She silenced him with saying, “Jack. You have a good voice. You run your own business and therefore set your own hours. You’ll have lots of time for rehearsals and to psych yourself up to appear in front of an audience.”
He caught the strap of the little purse that was draped across her body and pulled her to him. It was one thing for her to be upset with him, but another to let her think she could push him around. She could, but he was pretty sure it wasn’t good for him to let her think she could. He looped his arms loosely around her.
“I might be charmed into helping,” he said, noticing that she wasn’t struggling to get away, “but telling me I have to help isn’t going to do it.”
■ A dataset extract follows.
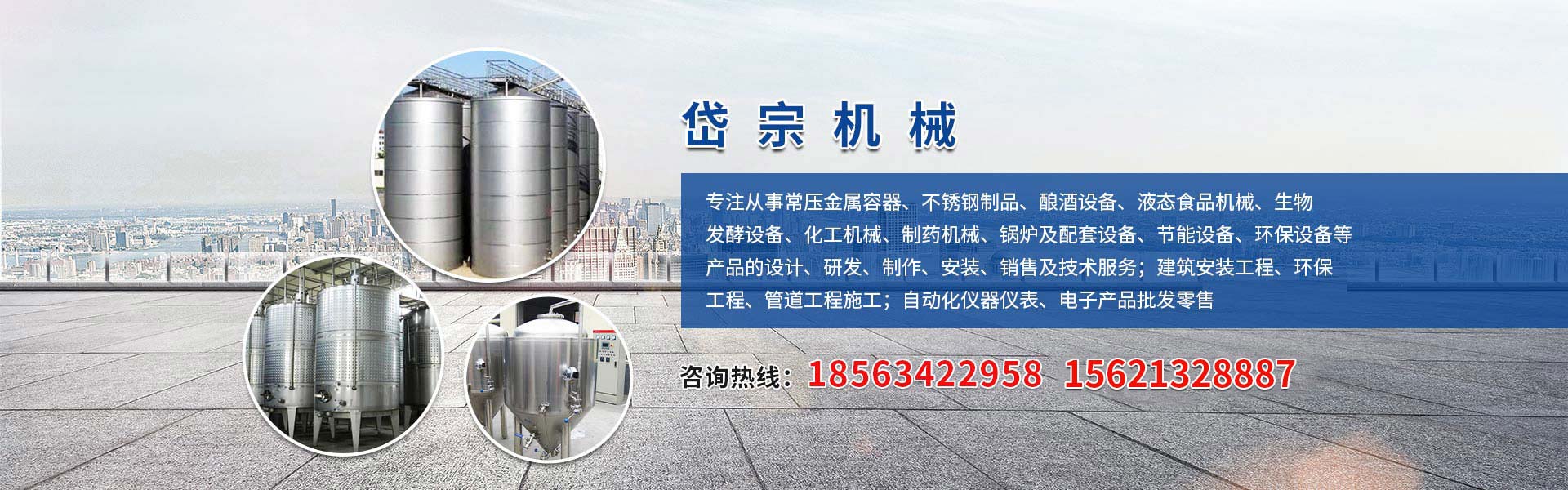 白酒釀酒設備  ·  啤酒釀酒設備   ·  葡萄酒、果酒釀酒設備   ·  果汁飲料設備  ·  生物化工設備   ·  乳品制藥設備   ·  管道工藝工程  ·  鍋爐、環保設備   ·  產品及配件

“If you don’t agree,” she said in a reasonable tone that belied the deepening pink in her cheeks, “Ben and the De Angelis brothers won’t do it.”
“Ah. So it isn’t as much that I have to do it as you need me to do it.”
She considered that. “Yes,” she said finally.
“Then, maybe...” He tipped his head back as though thinking through a solution. “Oh, something like ‘Jack, I need you’ might spur me to be helpful.”
Her lips quirked wryly. “Honestly, Palmer. You can be such a pill. And pills used to be my line of work, so I know whereof I speak.” He watched her fight against a smile.
“Hmm. That didn’t sound like ‘Jack, I need you.’”
“Is that going to guarantee me anything?”
She met his gaze and doubtless realized that he considered the scope of those few words went beyond the context of the talent show. Her eyes softened and he felt their pull as he tugged her closer. “In the right tone of voice, those words could get you anything you want.”
When she didn’t immediately reply, he said, as though reconsidering, “Or one could consider my offer to renovate the Cooper Building at cost enough of a contribution that I wouldn’t—”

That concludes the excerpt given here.